Second, if you are working in a situation where your workspace, or build nodes are ephemeral, resume literally breaks jenkins. The resume feature locks to the precise name of the comptue/build slave. Which in a ephemeral state (think mesos/kubernetes/docker plugins, or jclouds and dynamically named slaves), when jenkins is restarted that build slave no longer exists. The job sits in the queue waiting for the slave to come online, but it never does. Because it's resume is using the slave name, not the "label" tied to the actual job, the act of being in the queue never triggers a the dynamic provisioner (jclouds) to create a new slave. And the job hangs indefinitely.
We see evidence that these resume states can also cause thread locking on the build queue itself which then prevents any jobs from queuing at all.

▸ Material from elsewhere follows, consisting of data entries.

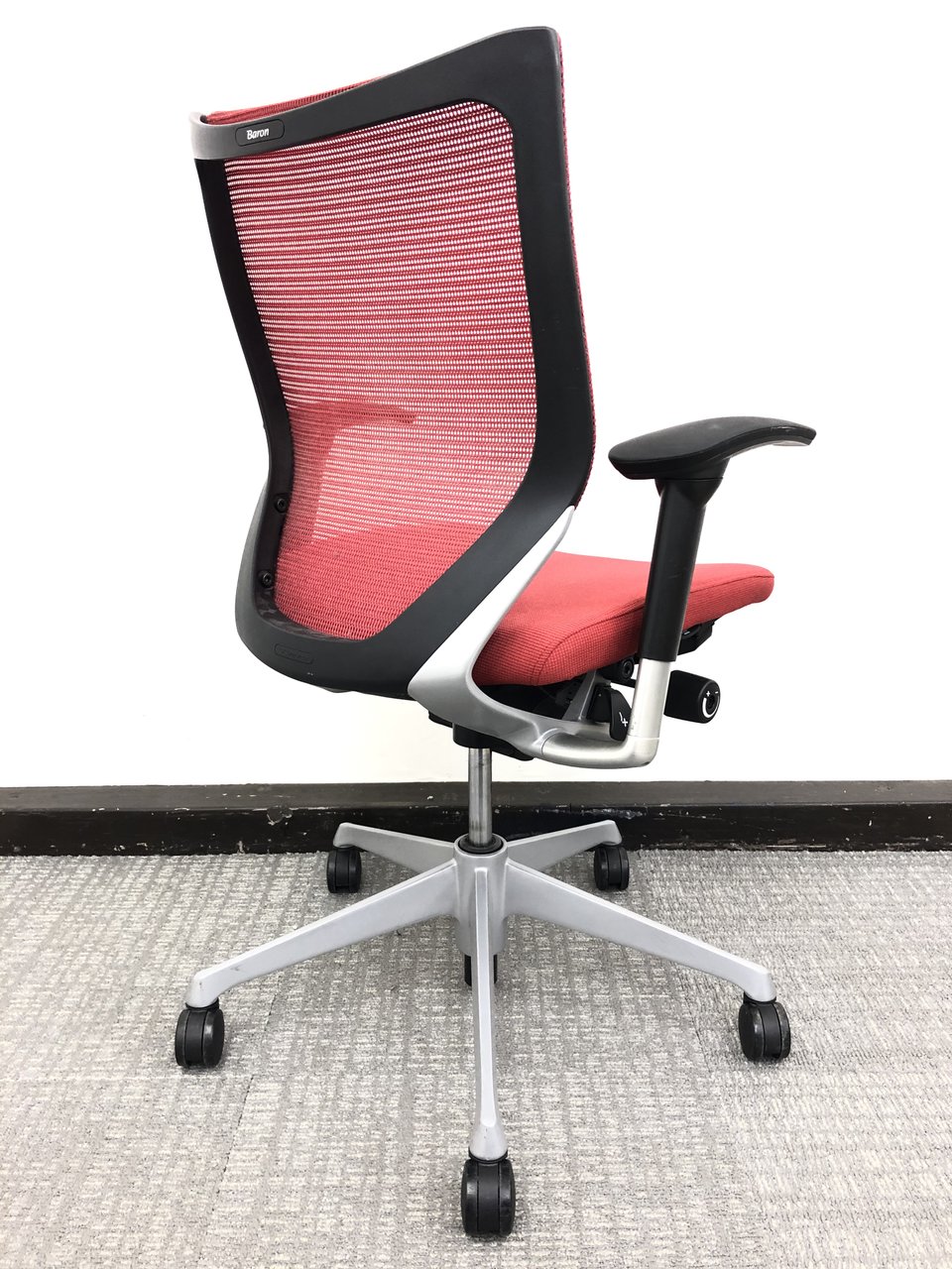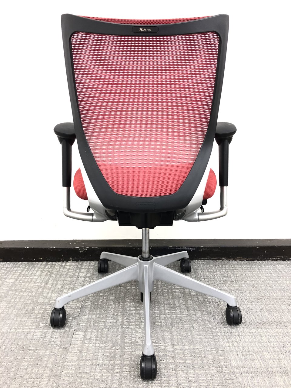 発売当時、既に人気を博していたオカムラの高級チェア、コンテッサから手元で座高調整ができるスマートオペレーション機能を取り除くなどしてリーズナブルにしたのがバロンです。その際に少しだけコンパクト化されました。そのことが、日本人の体格、日本のオフィス、家庭環境に適し、国内で多くのシェアを獲得する要因の一つになったのではないかと思います。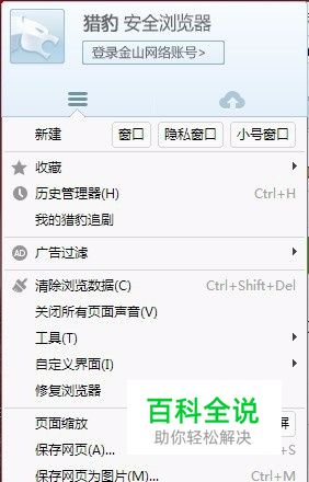 安装运行猎豹浏览器,点左上角豹子图标—猎豹应用市场。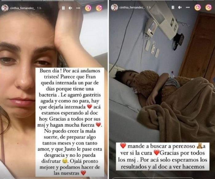 "Venía todo bárbaro hasta que terminamos así... Qué desgracia, che. Ya les contaré. Mi bebé está bien, le están pasando suero", explicó en otra historia junto a una imagen en la que se ve a la niña de siete años recostada sobre la camilla de un centro médico.
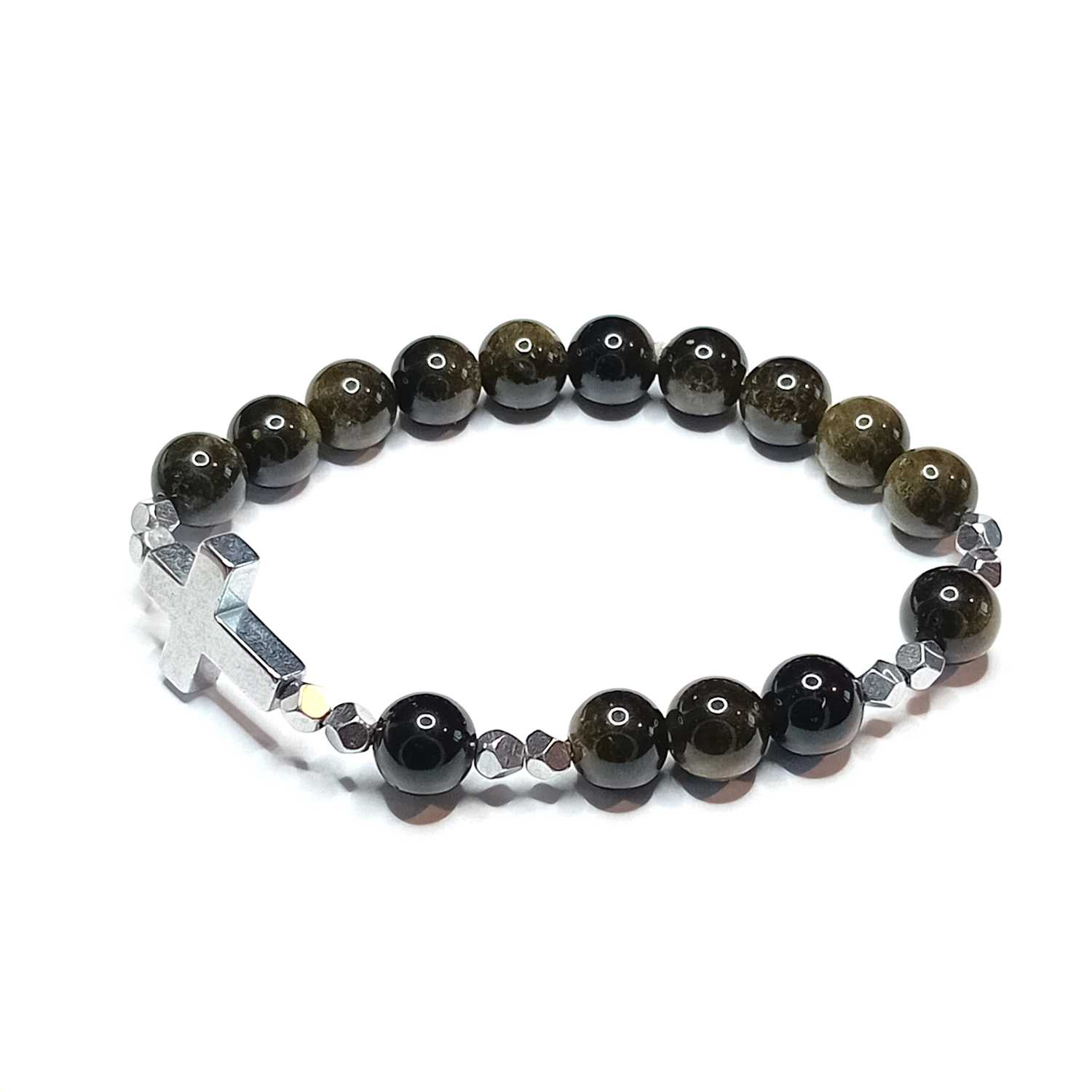 Bransoletka dziesiątki różańca wykonana z naturalnych kamieni obsydianu i hematytu to elegancki i duchowy dodatek, który nie tylko służy jako narzędzie modlitwy, ale również niesie ze sobą znaczenie ochrony, siły i wewnętrznego spokoju, co jest bliskie katolickim wartościom.
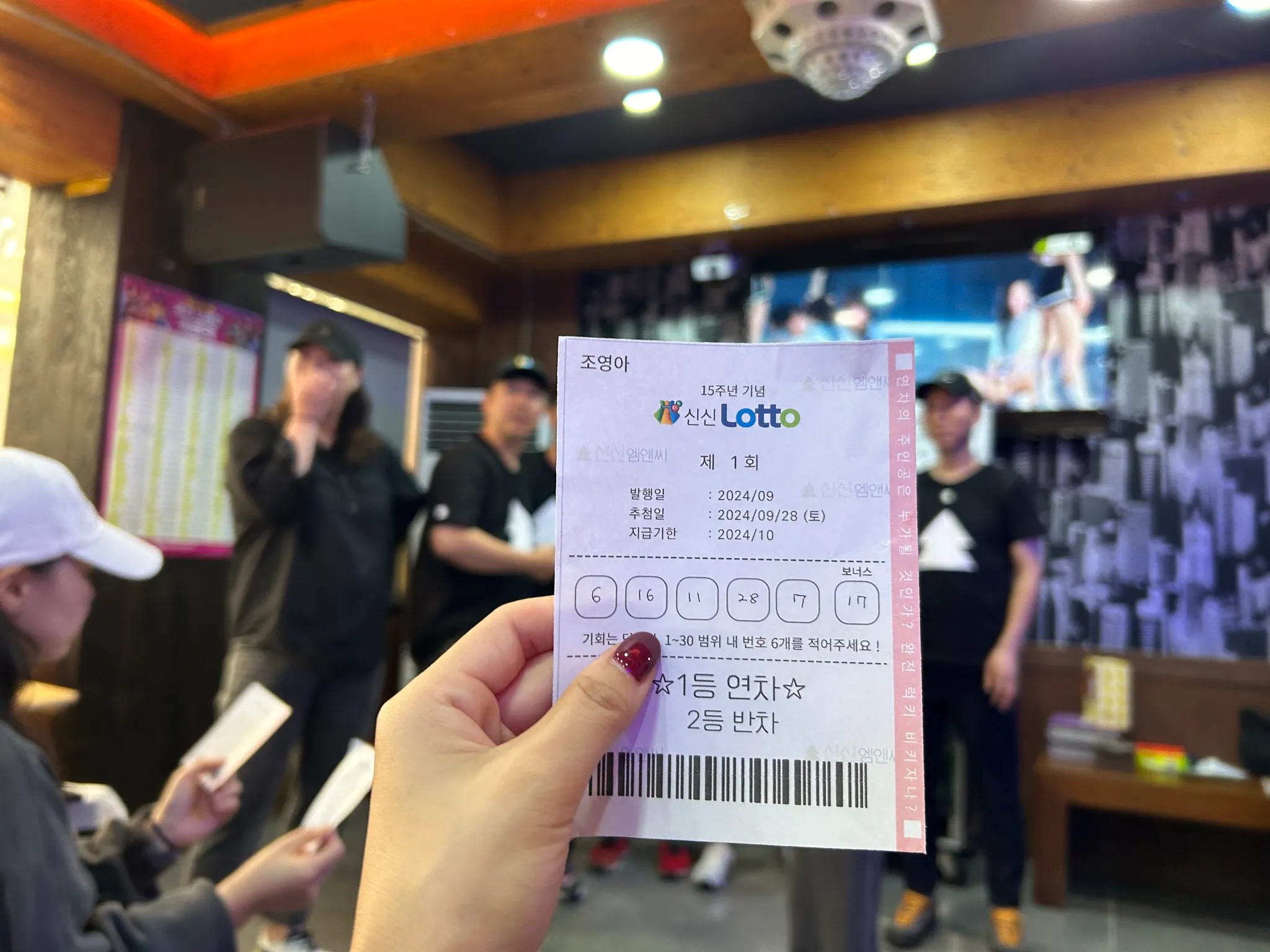 로또 뽑기통에서 다시 한 번 번호를 뽑아서는 의자 밑에 부착된 번호 스티커를 확인해보라시던

We have to go through quite the arduous process to manually clean the jenkins file system to prevent builds from requeing.
If you won't provide s disable resume feature, t hen at least tell us the logic for how Jenkins decides which jobs need to be resumed so we can properly clean up markers jenkins looks for on the file system to tell it to requeue.
It seems to be a combination of jenkins home xml files as well as some file state inside the Jobs folder, (jobs/JobName/builds/#/workflow/....). But I don't know exactly what.
Another option could be to wrap "node" blocks with "Resume from here" rather than resume from inside a node block. I suppose we could try putting the "node" call inside a function marked with @NonCPS but that seems extreme and may have unexpected results and I doubt I could get all my users to follow that convention anyway.
Please stop adding +1 comments. You may use the voting feature in JIRA.
build nodes are ephemeral
Already tracked as JENKINS-36013.
maxfields2000 The resume issue with missing build agents was fixed as of workflow-durable-task-step 2.15 – patched a week or so ago. The request for NON-durable pipeline came up at Jenkins World too, although with a different motivation (performance).
I think this ties into work happening now on how we store data for pipelines and their logs that I'm launching into shortly (larger project though, will take a while to land).
As Jesse says, the failure to resume is generally a specific bug of some sort and needs to be addressed
I'm attaching this to the storage epic because what I have in mind will also let you use this "unsafe" mode for gigantic performance gains.
In such a mode you might as well also switch DurableTaskStep to be, well, nondurable, and thus to just use Launcher synchronously to run processes. Would probably require some API massaging. Would lose durability across transient agent disconnections as well as Jenkins restarts—i.e., same as traditional builds.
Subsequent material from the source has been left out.